Site-Specific Lysine Arylation as an Alternative Bioconjugation Strategy for Chemically Programmed Antibodies and Antibody–Drug Conjugates

• Published in: Bioconjugate chemistry Vol. 30; no. 11; pp. 2889 - 2896
• Main Authors: Hwang, Dobeen, Tsuji, Kohei, Park, HaJeung, Burke, Terrence R, Rader, Christoph
• Format: Journal Article
• Language: English
• Published: WASHINGTON American Chemical Society 20.11.2019; Amer Chemical Soc
• Subjects: Amides; Antibodies; Biochemical Research Methods; Biochemistry & Molecular Biology; Chemistry; Chemistry, Multidisciplinary; Chemistry, Organic; Conjugates; Conjugation; Immunoglobulins; Life Sciences & Biomedicine; Lysine; Organic chemistry; Physical Sciences; Science & Technology; Strategy; β-Lactam antibiotics; CHEMISTRY; INTEGRIN
• ISSN: 1043-1802; 1520-4812
• DOI: 10.1021/acs.bioconjchem.9b00609

By exploiting a uniquely reactive lysine residue (Lys99) for site-specific attachment of small molecules, the humanized catalytic antibody h38C2 has been used as bioconjugation module in the assembly of chemically programmed antibodies and antibody–drug conjugates.
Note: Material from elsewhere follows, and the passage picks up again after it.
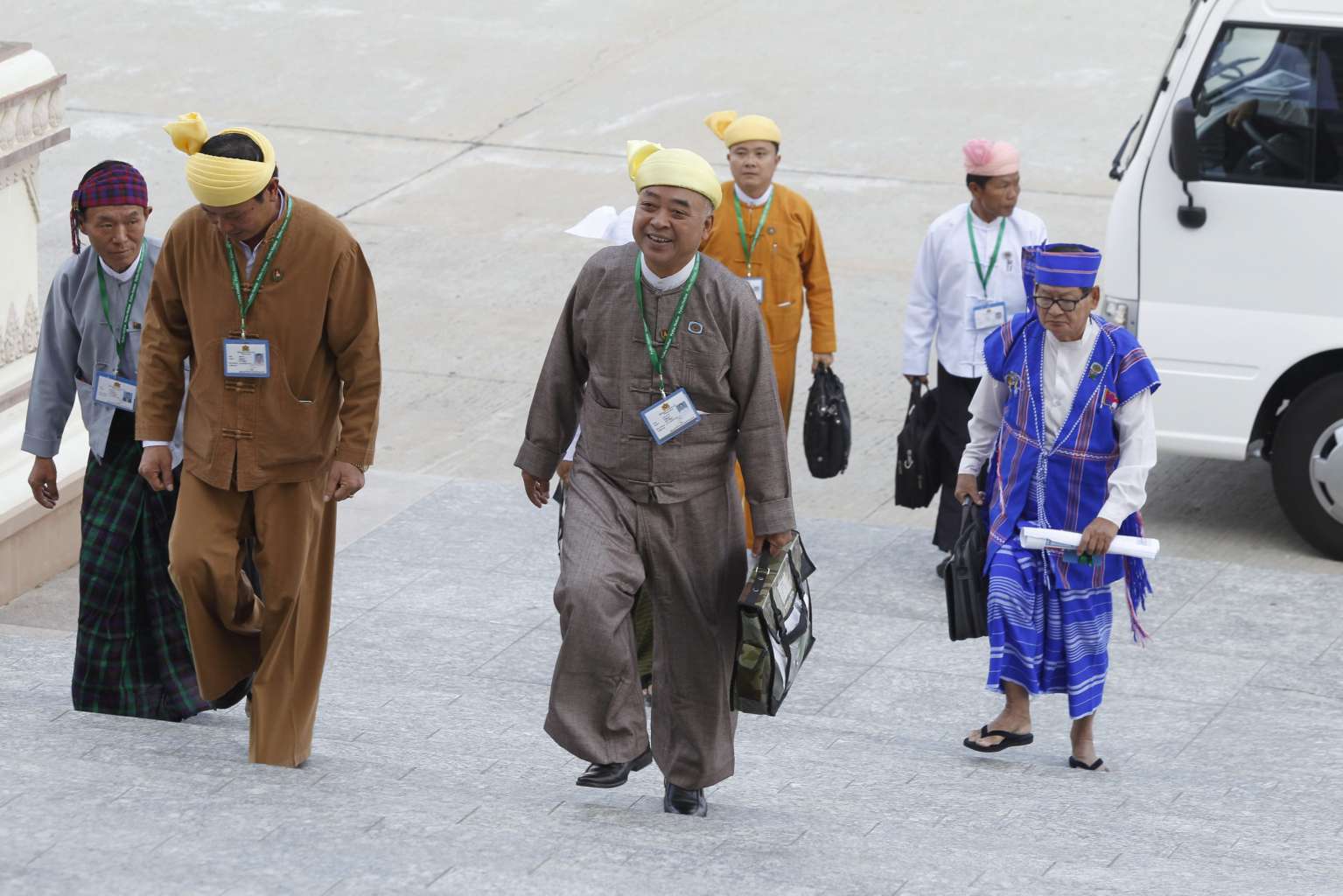 Members of Myanmar's new Parliament arrive for the first day of a new parliamentary session on Feb 1, 2016.

Treatment of h38C2 with β-lactam-functionalized small molecules has been previously shown to result in covalent conjugation by selective formation of a stable amide bond with the ε-amino group of the Lys99 residue. Here we report that heteroaryl methylsulfonyl (MS-PODA)-functionalized small molecules represent an alternative bioconjugation strategy through highly efficient, site-specific, and stable arylation of the Lys99 residue. A set of chemically programmed antibodies and antibody–drug conjugates assembled by Lys99 arylation provided proof-of-concept for the therapeutic utility of this alternative bioconjugation strategy. While being equally effective as β-lactam-functionalized ligands for bioconjugation with catalytic antibody h38C2, the MS-PODA moiety offers distinct synthetic advantages, making it highly attractive.